Half-term report card, Hibs: One Heck of a turnaround at Easter Road as Jack gets to work

© Ross Parker / SNS GroupJack Ross with Scott Allan
Jack Ross with Scott Allan

It looked like Hibs’ season was dying on the vine under Paul Heckingbottom.

But Jack Ross’ arrival has seen green shoots of hope emerge at Easter Road.

It’s not that things have been as uniformly positive under Ross as they were relentlessly frustrating in the latter days of Heckingbottom’s reign.

It’s more that when things have gone well under the new man, Hibs have looked very, very good.

By contrast, when “Hecky” was at the wheel this season, they looked painfully soft from front to back.

That’s a huge part of the reason the Hibs hierarchy swing the axe in early November, with the club languishing in 10th place.

They had taken just nine points from the first available 33 of the campaign, and crashed out of the Betfred Cup after a 5-2 defeat to Celtic.

Heckingbottom’s summer signings – with the exception of Scott Allan, who signed a pre-contract agreement while Neil Lennon was still in charge at Easter Road – looked questionable at best.

Established stars like Florian Kamberi and Stevie Mallan were misfiring, while defensive stalwart Paul Hanlon, without a regular partner, was wobbling badly.
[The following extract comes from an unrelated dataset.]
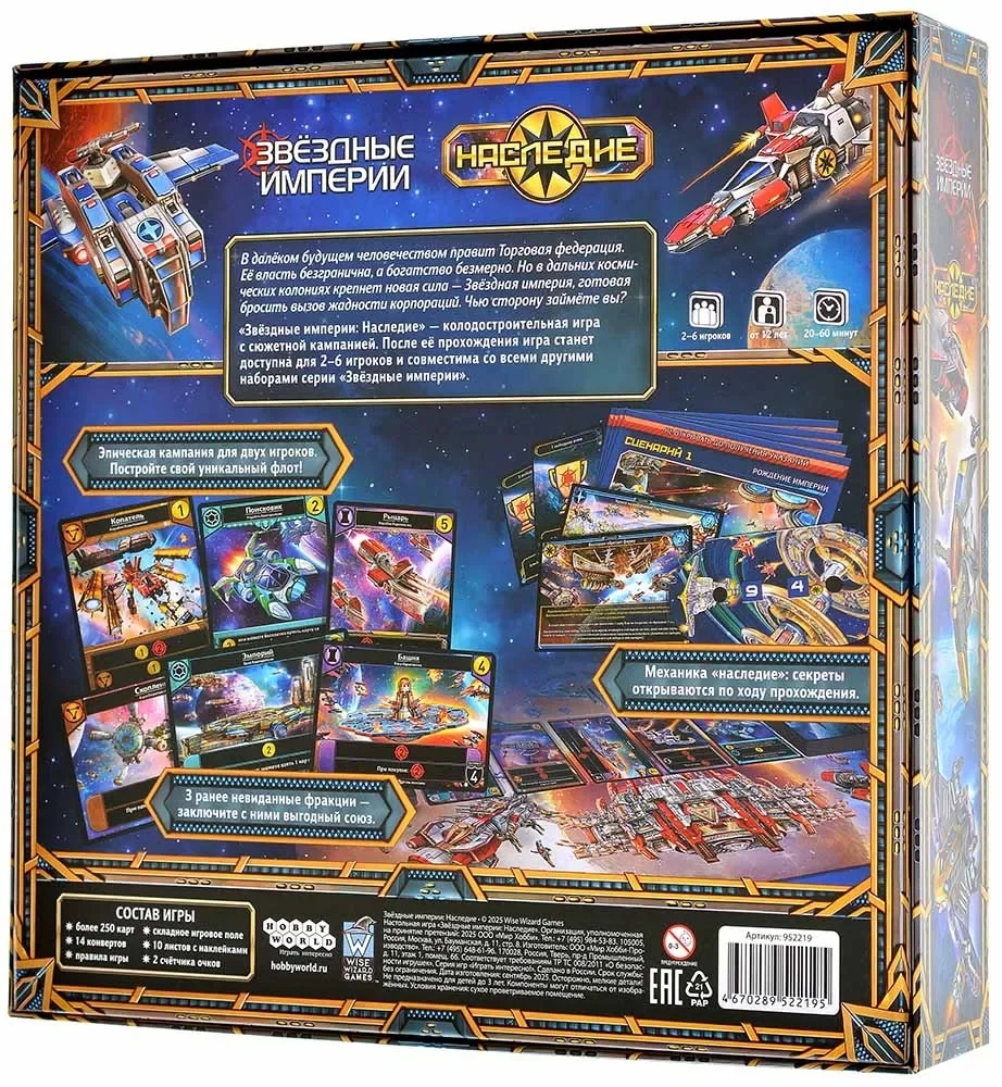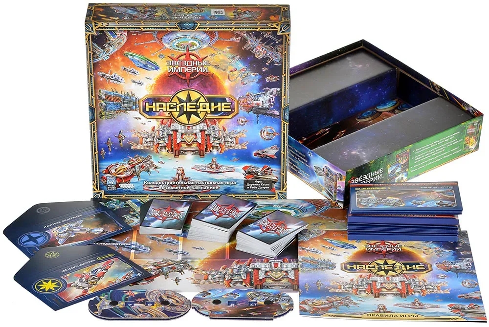 "Звёздные империи. Наследие" – это колодостроительная космическая стратегия с полноценной сюжетной кампанией, где каждый сценарий открывает новые карты, фракции и правила. Игра создана на основе серии "Звёздные империи", поэтому поклонники быстрее вольются в процесс, а новички смогут легко освоиться. По мере прохождения вы будете улучшать корабли и базы, влиять на торговую колоду, получать новые сценарные цели и усиливать влияние своей стороны. После завершения кампании набор превратится в полноценную игру для 2-6 человек, а ещё его можно будет сочетать с другими коробками серии!

With confidence low, gushing early talk from players of Heckingbottom’s impressive attention to detail began to lose its sparkle, leaving only questions about what had happened between his initial red-hot run as gaffer and its ultimately terminal decline.
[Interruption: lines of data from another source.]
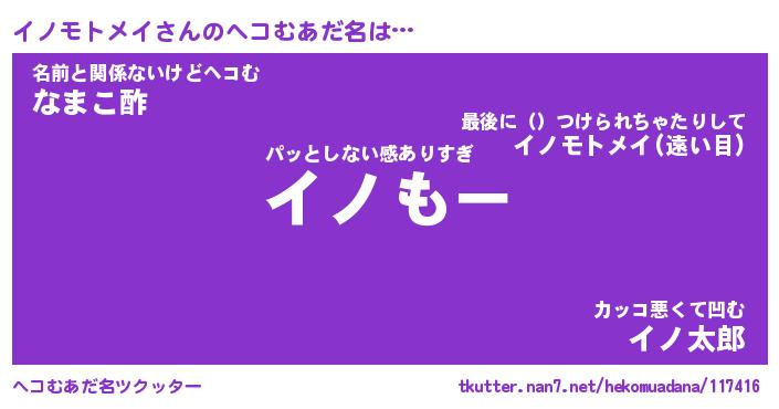 | ヒーロー風カッコイイあだ名 | 『スーパーイノモトメイ』『幻影騎士イノ』 |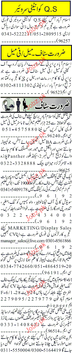 Apply as per details in job advertisement. Login to view further details of how to apply via https://www.jobz.pk online.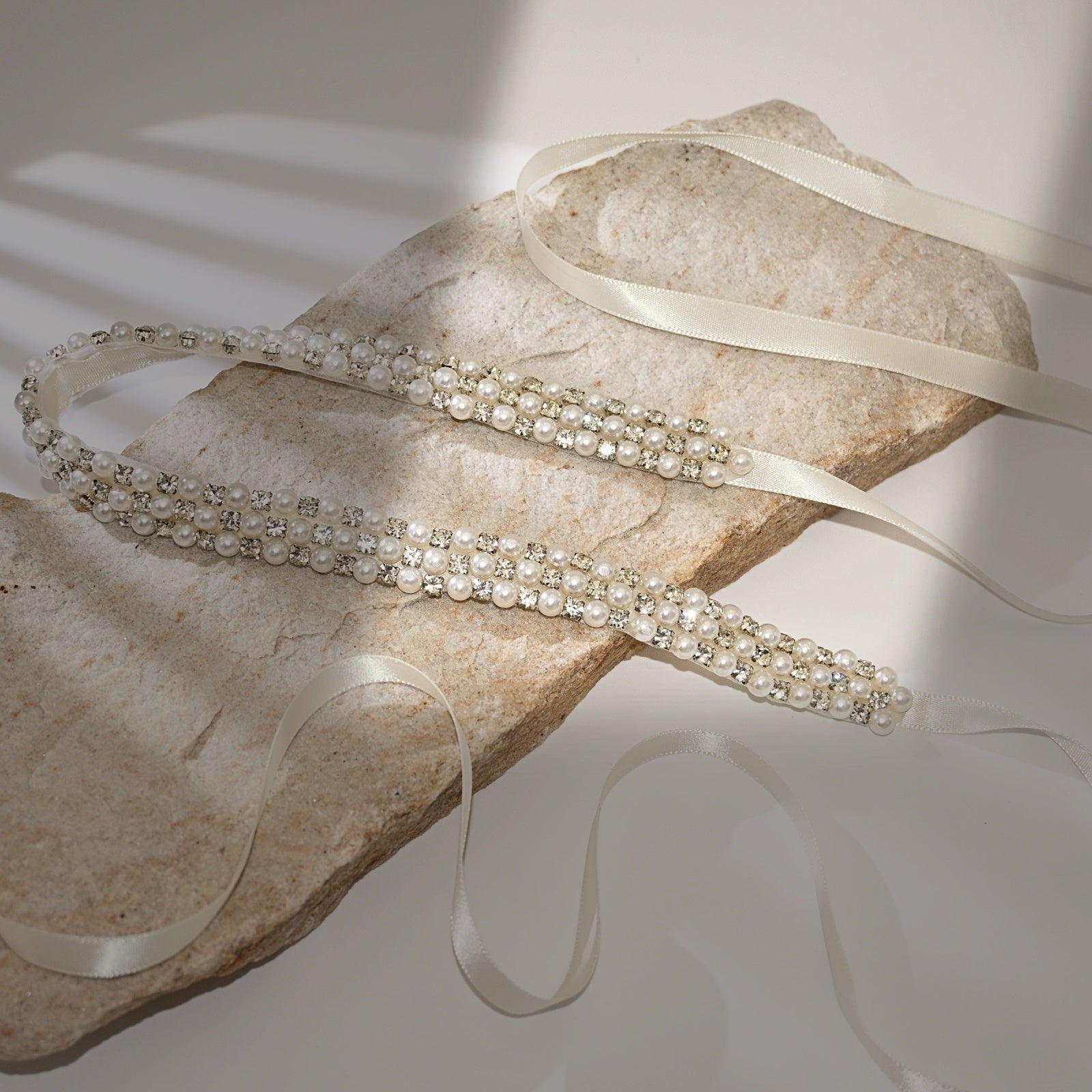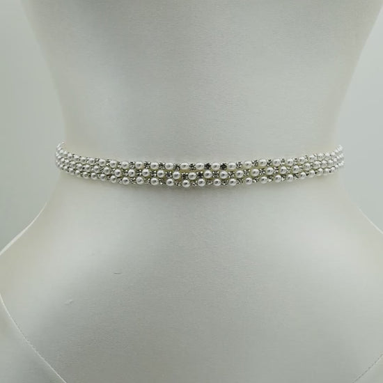 Elevate your look with this off white rhinestone and pearl belt, perfect for weddings, proms, and special occasions.

Enter Jack Ross – and finally the suggestion of some answers for concerned Hibs fans.

They weren’t offered in the media, through soundbites and polished PR presentation, though Ross is certainly impressive on that front.

Instead, his Hibs side started to do their talking on the pitch beginning, to be fair, even before he arrived when caretaker Eddie May led them to a resounding and deserved 4-1 win over St Johnstone.
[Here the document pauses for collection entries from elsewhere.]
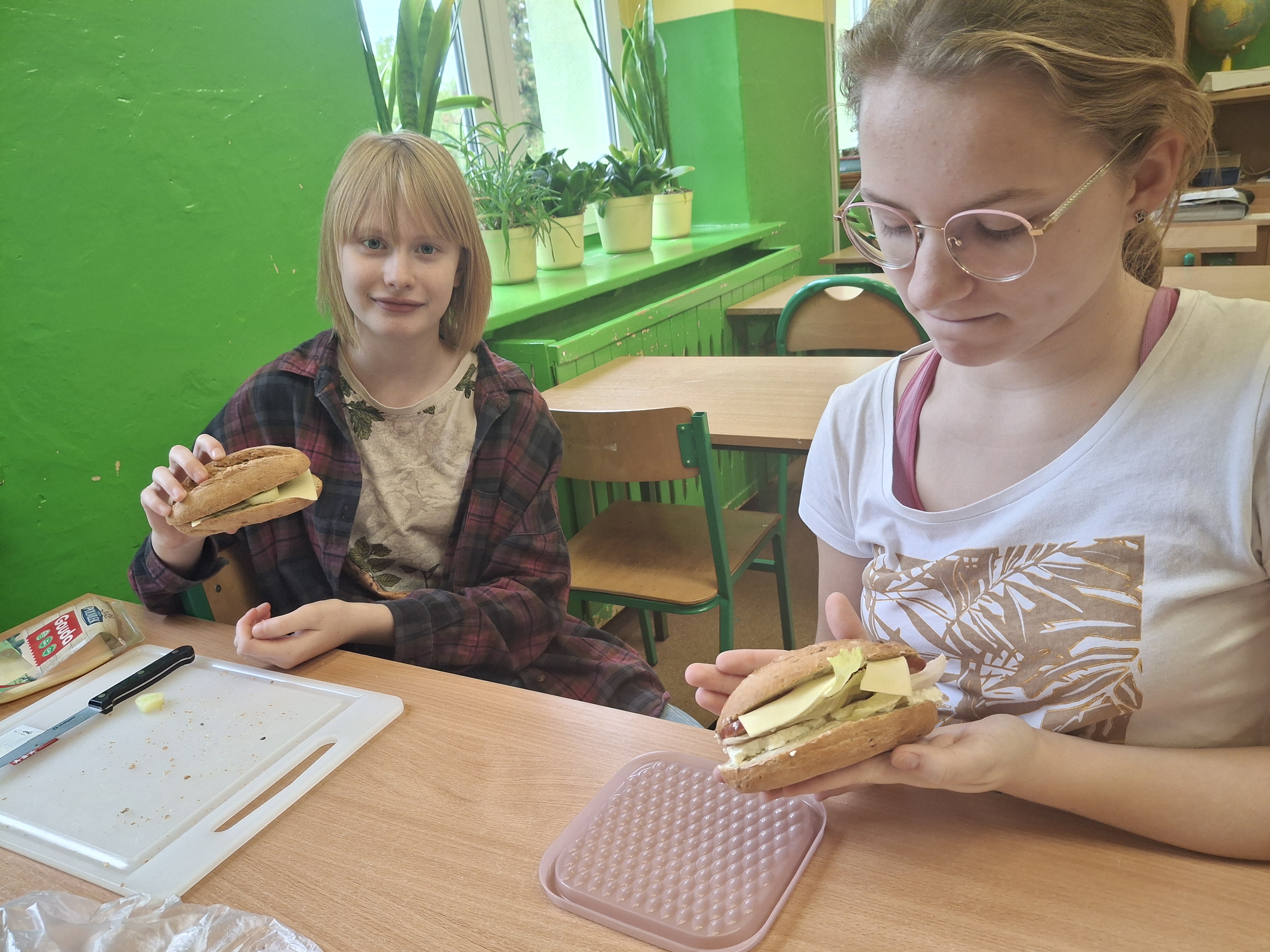 W czasie zajęć wykorzystano przybory kuchenne: deski, noże oraz miski zakupione w ramach programu „Laboratoria Przyszłości”, co ułatwiło pracę oraz pozwoliło zadbać o higienę i bezpieczeństwo podczas zajęć.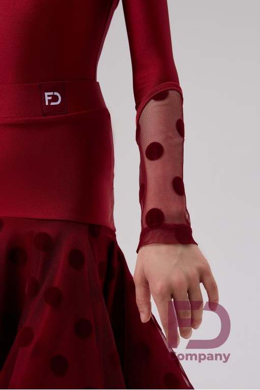 - Features: Standard two-layer skirt, sun cut, made of supplex and flock mesh large peas, with a stitched belt, with an elastic band 4 cm wide, The bottom of the skirt is treated with regiline 8 cm (size 36-44) and 5 cm (28-34 size). Latin skirt with an asymmetrical yoke, made of supplex, with a two-layer flounce, belt is stitched with an elastic band 4 cm wide, the bottom of the skirt is treated with regiline 5 cm.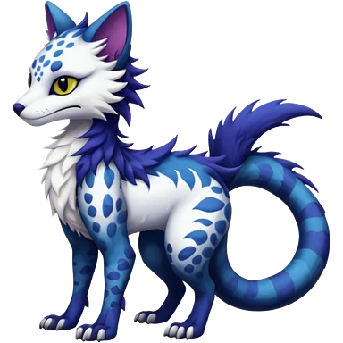 Kawaii dark edgy fantasy feline-vernid-sergal-fursona animal creature with a tufted tail full body with intricate markings emoji

Wins over Motherwell, St Mirren, Aberdeen and Hearts have followed, showcasing a side finding new life as a free-flowing, attacking machine.

Building on Ross’ early work while nurturing their new identity will be the priority going forward.

 

STAR MAN

Scott Allan has been surpassed in recent weeks on the headline-grabbing front by Martin Boyle, but Allan remains the beating heart of Hibs.

His range of passing has never been in doubt, but he has employed it as effectively in the first half of this season as he ever has.

Fans of other clubs – one in particular (Rangers) – have taken a cynical line on the Hibs man’s contribution, provoked by what they see as simpering coverage.

© Paul Devlin / SNS Group
Scott Allan has been a returning hero for Hibs

But there is no smoke without fire, and Allan has been in red-hot form this season, even when Hibs have not.

His importance to the Hibees is emphasised by the statistics. With seven goals and six assists to his name, he has done more than most to keep heads held high around Easter Road.

Times were tough under Heckingbottom, but Allan kept plugging away.

Under Jack Ross, he will be determined to shine.

 

PROSPECTS

Hibees fans had high expectations at the start of the season, but they were quickly tempered.

As a club, Hibs want to be focused on catching teams above them. But for a time under Paul Heckingbottom, fearful glances were beginning to be cast downwards.

In acting quickly to stop the rot, the Hibs board gained a progressive young manager in Jack Ross – and progress is what the club demands going forward.

Between now and the rest of the season, that means a comfortable top-six finish, and preferably a serious tilt at a European place.

Such is the talent in the Easter Road dressing room, that is an entirely legitimate aim, as is a crack at the Scottish Cup.

Jack Ross won’t feel obliged to make too many changes to his squad this month, though two or three hand-picked additions would help.

A defensively-minded midfielder will be top of the Hibs gaffer’s shopping list.

If he gets his man, the only way will be up.